Die Fahrt mit den Rädern ging bereits an den Teichen vorbei, führte dann nach sechs Kilometern den steilen Berg hinauf, wo sie ihr Gefährt schieben mussten. Von oben ging es leicht abschüssig bis zur Stadt, was für Maria, die ungeübter im Radeln war als Lotte, eine winzige Erholung versprach.
Hinter der Stadt ging es dann stetig bergauf. Maria kämpfte nicht nur gegen Atemnot an, auch gegen ihre untrainierten Muskeln, die schon jetzt ihren Dienst zu versagen drohten. Wie sollte es erst auf der Rückfahrt werden, wenn sie vom Tanzen erschöpft sein wird. Ob überhaupt jemand mit ihr tanzen würde? Lotte hatte diese Bedenken brüsk zerstreut: Dann tanzen wir eben miteinander. Wozu sind wir zwei?
Der Wind nahm zu und Maria kämpfte auch noch mit ihren wild fliegenden Haaren, die ihr die ganze Zeit ins Gesicht schlugen. Das Kopftuch saß zu locker, aber sie konnte es nicht ständig wieder fester binden, weil sie nicht dauernd absteigen wollte. Sie war schon Hemmschuh genug für Lotte, der es gar nicht schnell genug ging; überhaupt erschien ihr Lotte merkwürdig geheimnisvoll. Maria hatte ihr geliebtes Hütchen für eine Fahrradtour noch ungeeigneter gefunden, was sich jetzt rächte. Wenigstens schob sie von Zeit zu Zeit mit einer Hand eine vorwitzige Locke zurück unter das schützende Tuch, wobei sie ständig aus der Spur kam und das Fahrrad zu schlingern begann. Wie wird sie nur aussehen, wenn sie erst angekommen waren? Wer wird sie zum Tanz auffordern, wer wird mit mildem Blick in ihr gerötetes Gesicht schauen wollen, wie es Hannes getan hatte, meistens, und wie sie es seit langem vermisste.
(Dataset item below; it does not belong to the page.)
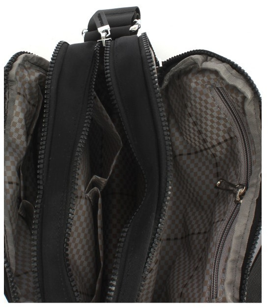 при компактном размере, очень вместительная, много отделов, хорошие замки, обработанные швы.
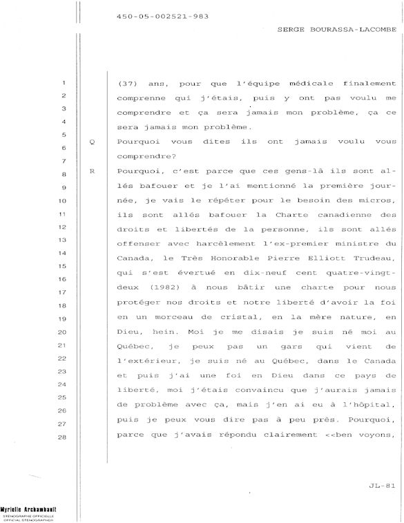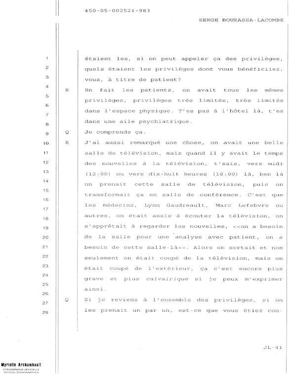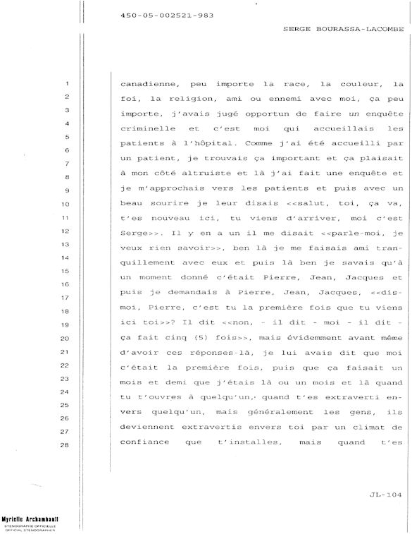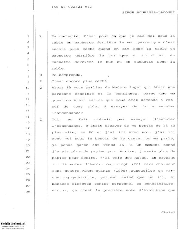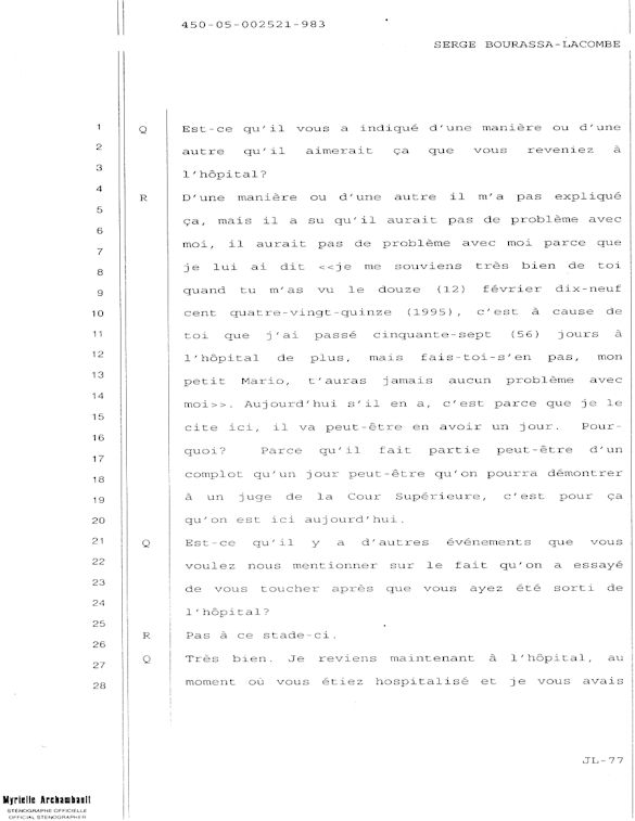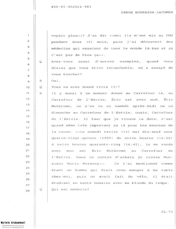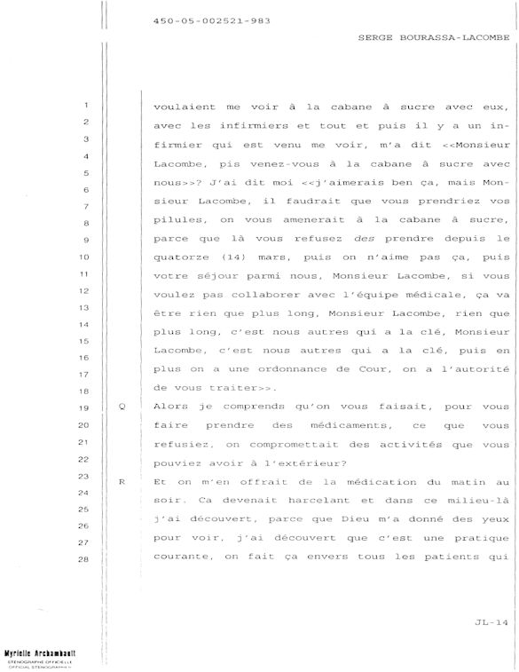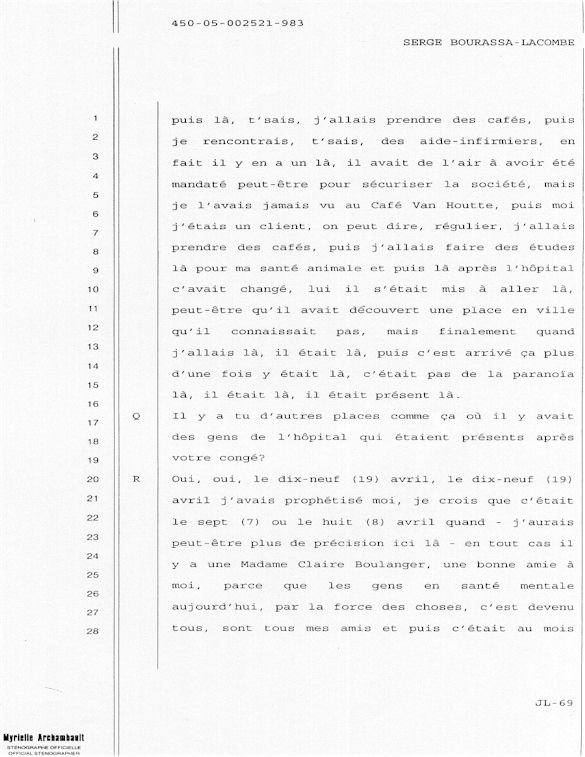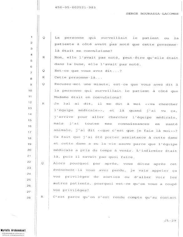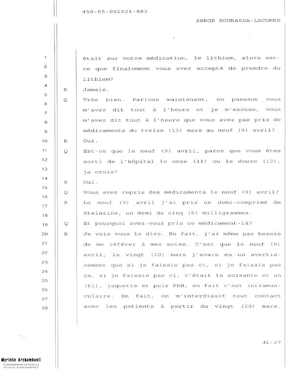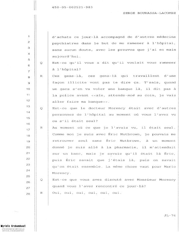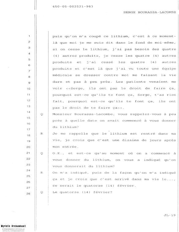 COMUNICADO DE PRENSA DEL MARTES 27 DE JUNIO DE 2000 - LA TRIBUNA DE SHERBROOKE - ESCASEZ DE PSIQUIATRAS AL CHUS - DURANTE LOS 10 ÚLTIMOS MESES, SEIS DE LOS 18 MIEMBROS DEL EQUIPO DE ESPECIALISTAS DEL DEPARTAMENTO DE PSIQUIATRÍA DEL CENTRO HOSPITALARIO UNIVERSITARIO DE SHERBROOKE VOLVIERON A PONER SU DIMISIÓN. - 30 - A SERGE JOSÉ ADRIEN BOURASSA-LACOMBE LE QUISIERA SABER: ¿SE IMPLICABAN EN EL EXPEDIENTE DEL CHUS 398.068? ¿SE ENFRENTARON AL POTENCIAL DE PELIGROSIDAD DEL MEDIO (O INCLUSO MAFIA MÉDICA)? SI ALGÚN EL POSEE INFORMACIÓN QUE PUEDE AYUDARME A OBTENER JUSTICIA ANTE EL CUERPO MÉDICO IMPLICADO EN EL EXPEDIENTE DEL CHUS 398 068. ESTAS REVELACIONES SE APRECIARÁN MUY PARA CONVENCER LOS CULPABLES ARREPENTIRSE E INCLUIR QUE LA VERDAD QUE ES DICHA CELIDONIA EL CUERPO Y CURADA EL ALMA. ENTONCES ES MEJOR PARA ELLOS QUE LA VERDAD ESTÉ REVELADA LO MÁS BIEN POSIBLE, YA QUE JÉSUS LE CHRIST PONDRÁ UN DÍA EN LUZ LO QUE SE OCULTA EN LAS OSCURIDAD, Y QUE MANIFESTARÁ LAS INTENCIONES DE LOS C?URS. ¡ENTONCES CADA UNO RECIBIRÁ DE DIOS LA ALABANZA QUE SE LE DEBERÁ!

Vor dem Gasthaus, das direkt an der Straße stand, stiegen sie endlich ab und schoben die Räder auf den Hof. Vor der Tür zum Saal stand eine Traube junger Männer, die den ankommenden Mädchen erwartungsvoll entgegen schauten. Maria sah es wohl, dass Lotte unbemerkt eine Hand hob. Lotte war nicht so schüchtern wie sie, das musste sie akzeptieren. Zwei der Kerle schlugen einem anderen freundschaftlich auf die Schulter. Dieser junge Mann trug eine Schiebermütze und es war derjenige, der Lotte zugewinkt hatte. Von einem anderen, hochgewachsenen, der im Lichtkegel stand und dessen Haar glänzte, hörte Maria die Worte: »Nichts für mich.« Es war wie ein Schlag ins Gesicht, obwohl sie nicht wusste, wem die Worte des Mannes galten, den sie pomadig nennen würde, aber nur wegen der glänzenden Paste in seinem Haar. Ein anderes Urteil stand ihr nicht zu.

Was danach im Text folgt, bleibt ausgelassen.